While You’re in the Area: There is plenty of shopping to be done, but be warned—you'll be in a tourist area, and prices reflect it. Instead, try some of the other attractions. While Toys 'R' Us is a store, it is also home to an indoor ferris wheel. Maybe Madame Tussaud’s Wax Museum is more up your alley, or even Ripley’s Believe It Or Not Odditorium. And if you really need to see something strange, get tickets to the temperamental Broadway spectacle Spiderman: Turn Off The Dark.
In order to understand what a visitor will find at the exhibit, it's important to know what happened to the people at the base of Mt. Vesuvius in the first place. For those answers, Patch contacted Dr. James Reynolds, associate professor of geology at Brevard College, North Carolina. He studied the plaster casts and provided insight into just how destructive the Vesuvius eruption was, and how amid all that, such a detailed artifact could remain behind.
Could you explain what a pyroclastic flow is and, exactly what did it do to Pompeii during the eruption of Vesuvius?
A pyroclastic flow occurs when an explosive eruption causes the magma chamber to be shattered into ash. This usually occurs with viscous magmas rich in silica and having a relatively low water content. As the hot magma rises, the gases dissolved in the magma expand.

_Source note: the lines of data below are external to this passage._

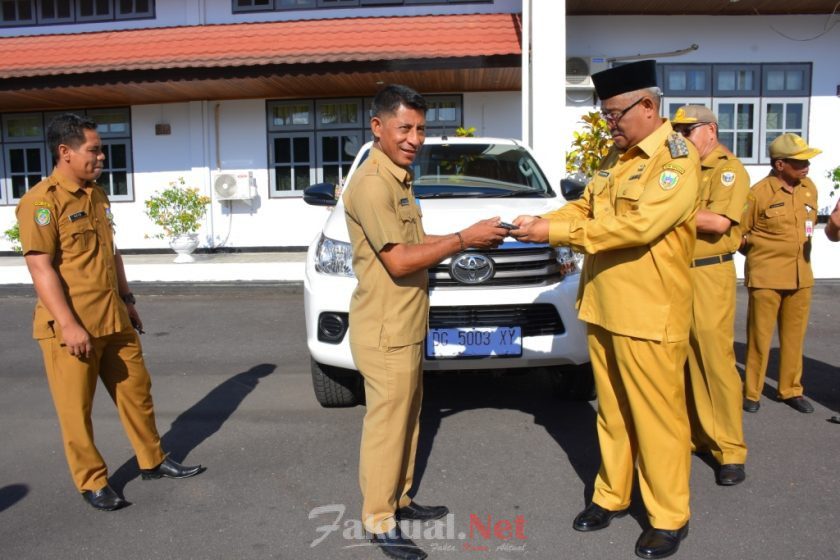 Faktual.Net,Tidore. Disela-sela apel pagi gabungan, Walikota Tidore Kepulauan, Capt. H. Ali Ibrahim, Senin (4/10) menyerahkan 1 unit mobil Hilux Double Cabin secara simbolis kepada Camat Oba Selatan (Obsel), Abdul Rasyid. Mobil yang bersumber dari DPA Perubahan Tahun Anggaran 2019 Bagian Umum dan Protokol Sekretariat Daerah Kota Tidore Kepulauan ini merupakan kendaraan operasional untuk Kecamatan Obsel.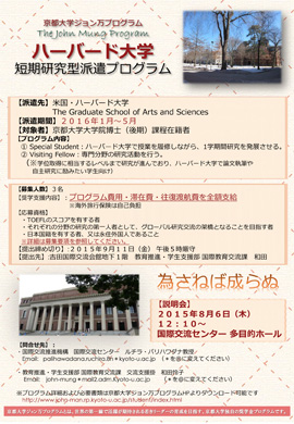 ハーバード大学短期研究型派遣プログラム参加者を募集します。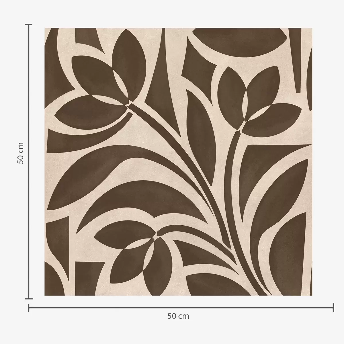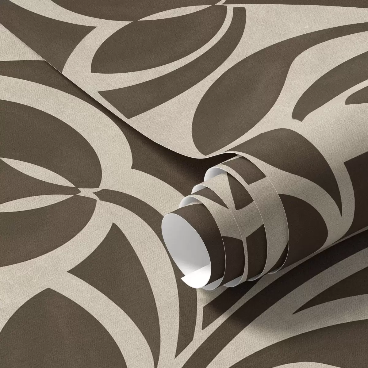 Tapetes Ģeometriskas lapu siluetas, tumši brūnas uz smilškrāsas fona Nr. a00679v1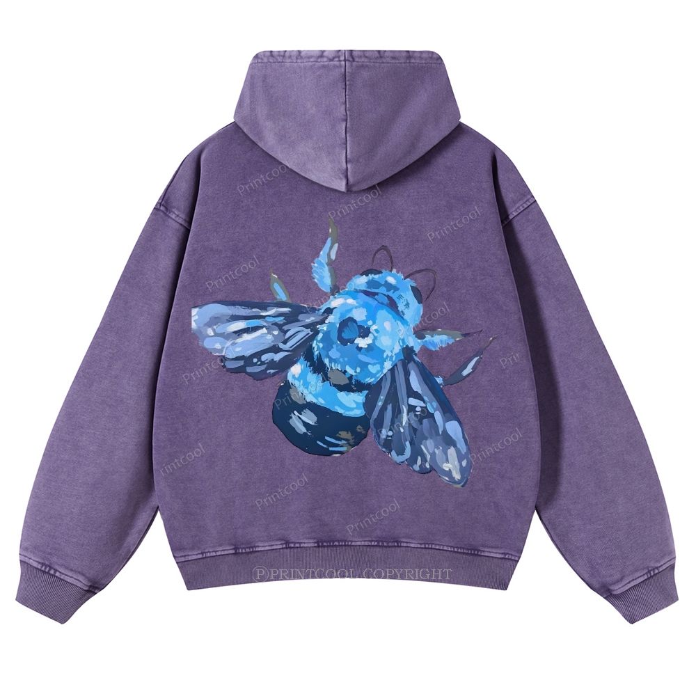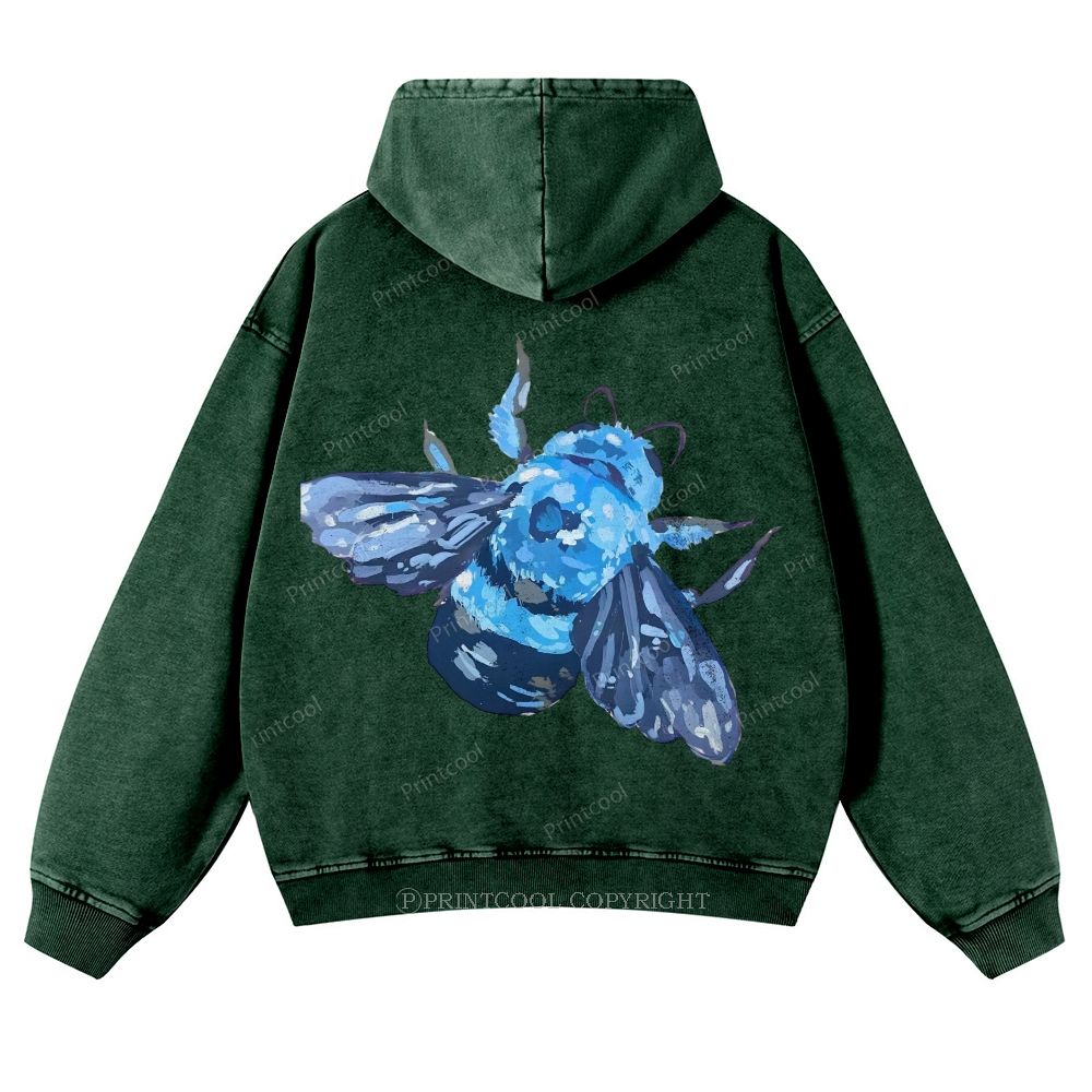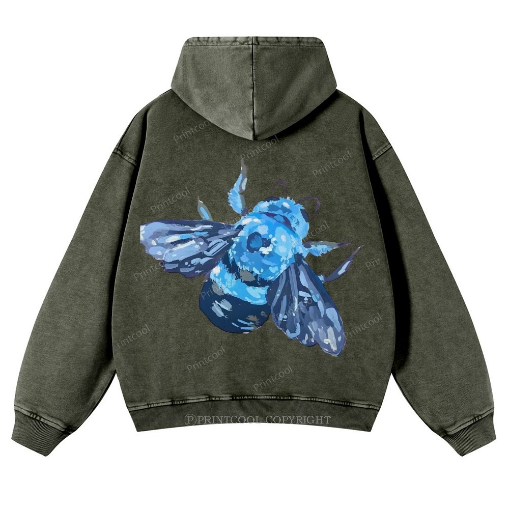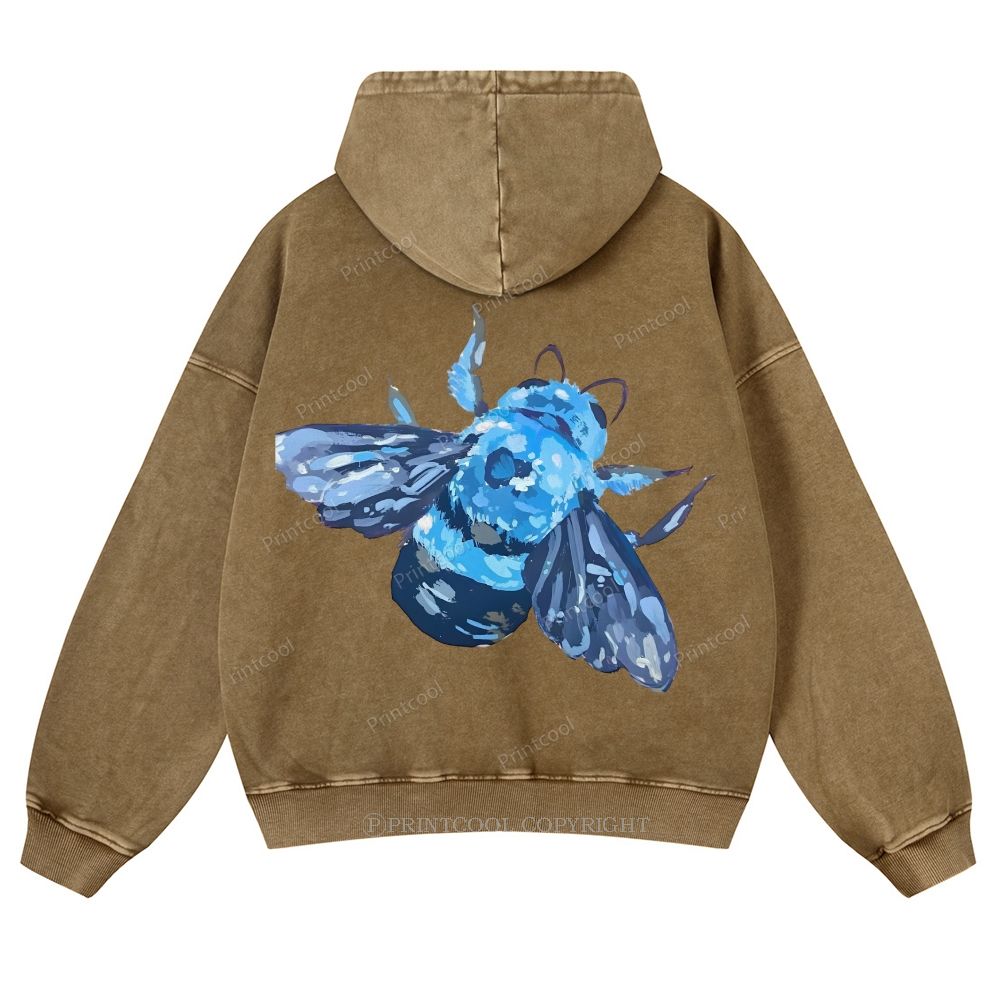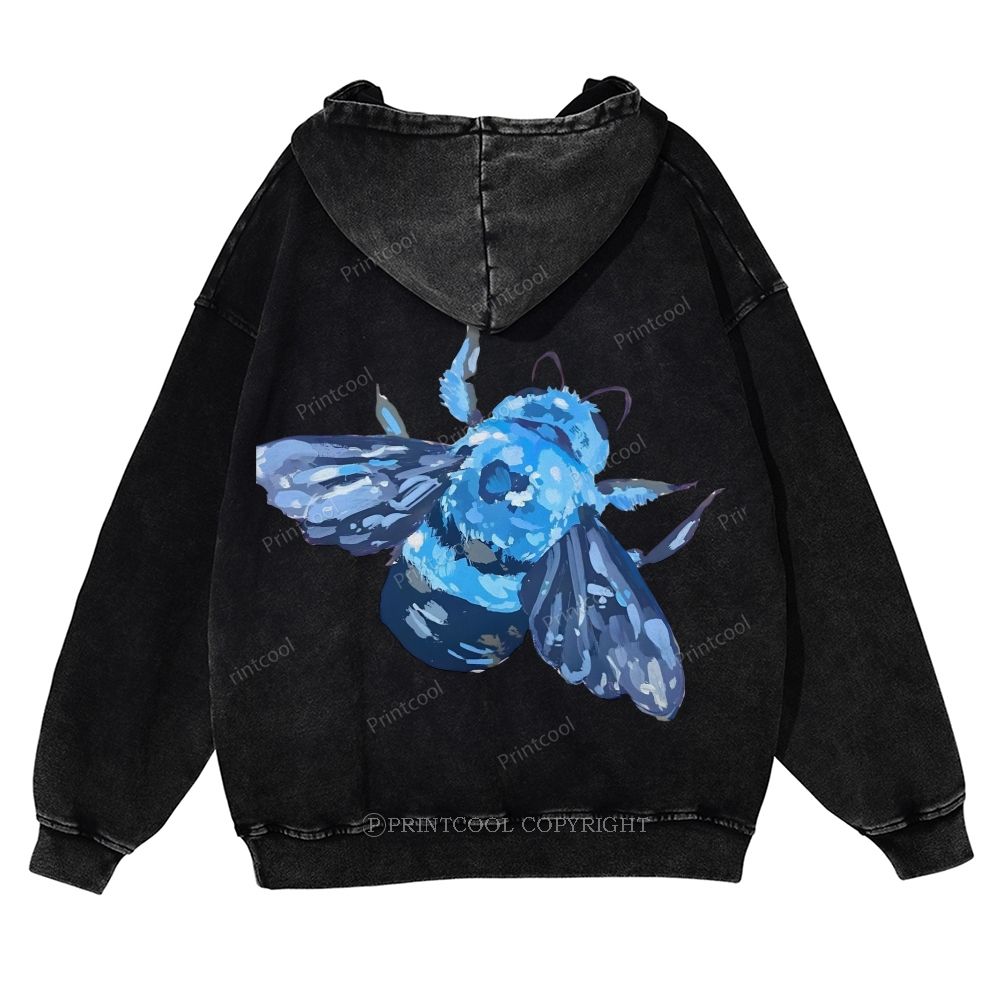 Blue Wood Bee Casual Washed Hoodie

Eventually, that internal pressure shatters the rock and blows off the top of the volcano, shooting an ash column high into the atmosphere. The ash tends to stay in the atmosphere above the volcano because of the upward flow of energy coming out of the crater. This is analogous to the air jet shot into a mass of ping pong balls for the state lottery drawing. When the eruption stops, all of that ash falls toward the ground but so much is falling out that the air beneath is compressed and the ash rides (flows) down on top of the compressed air with virtually no friction, analogous to an air hockey table. It can move up to 100 km/hr. In the case of Pompeii, the flow traveled 8 km right at the city and buried it. None of the other towns near the volcano were affected by that particular flow. Other towns that were destroyed, notably Herculaneum, were buried by other phases of the same eruption.

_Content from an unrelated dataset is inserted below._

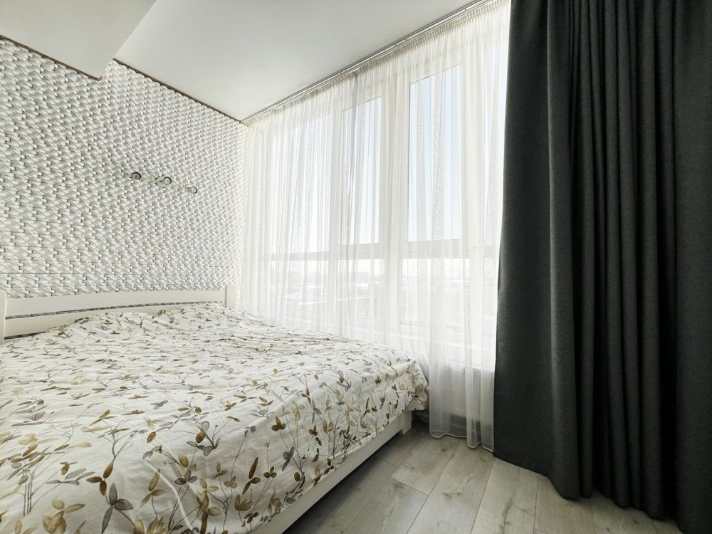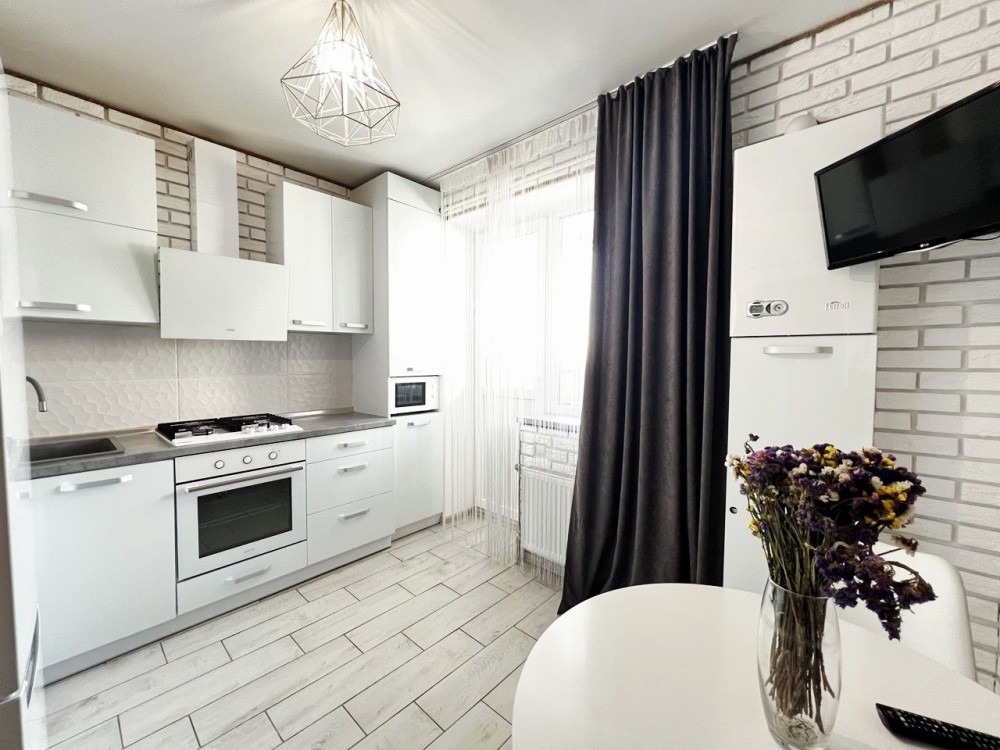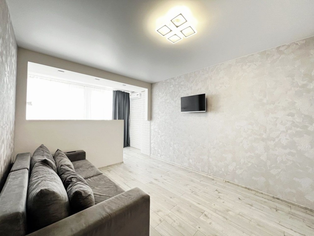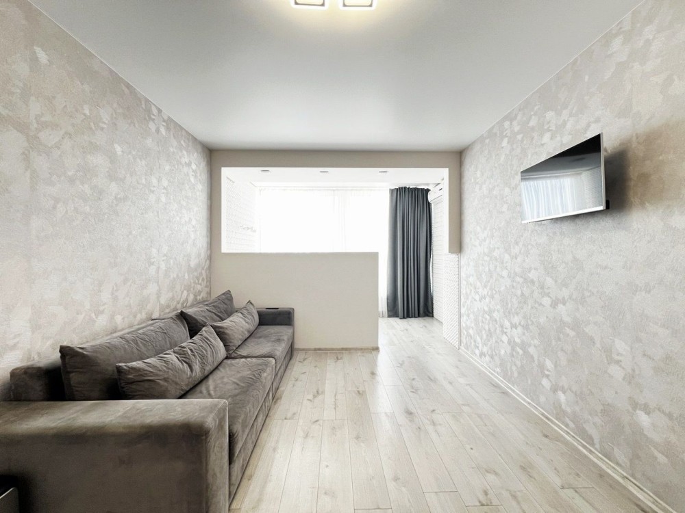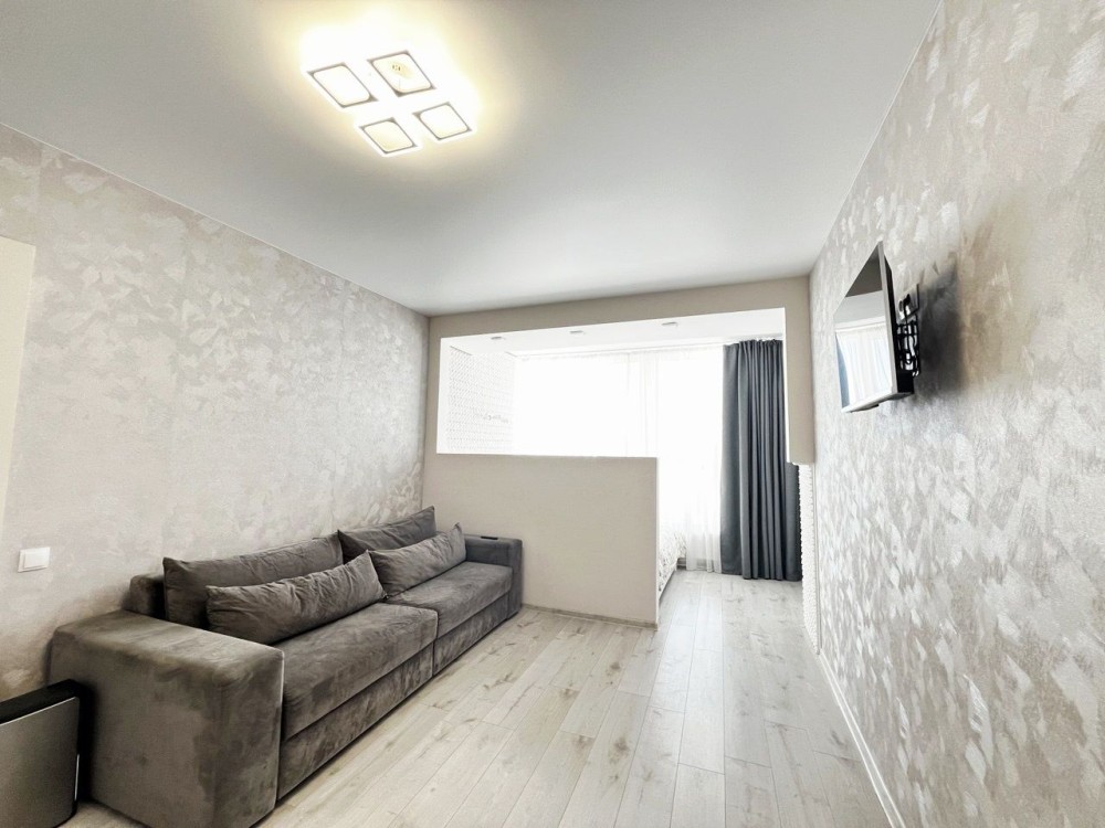 Квартира правильного планування, з великою кімнатою, кухнею, лоджею, облаштована всіма меблями і технікою, яка залишається новим власникам.

The people who lived there were essentially frozen in the ash. Was the ash that dense in the original fallout, or were the people killed by the heat and the ash around them condensed over time?
The ash was probably moderately dense but it pushed a cloud of hot loose ash in front of it. Most people probably died of a combination of suffocation/burning before the main cloud buried them a few seconds later. Those still alive would have been killed instantly once it hit.
Who discovered the holes that eventually received the plaster from which the body casts were made?
The holes were discovered in the initial excavation. At first they didn't know what they were but eventually, someone figured it out and filled a hole with plaster to make a cast.
What can the forms from Pompeii tell today's scientists who are studying volcanic action and effects?
That's a tough question to answer. Most people appear in resigned poses that indicate that they knew the end was at hand. It was impossible to run away from the flow; it was moving too fast. Because some of the people were sitting upright, it suggests that they were in a protected area so the main flow did not bowl them over. Instead, the loose ash swirled around them and quickly settled, burying them.
"Pompeii the Exhibit: Life and Death in the Shadow of Vesuvius" runs until Sept. 5.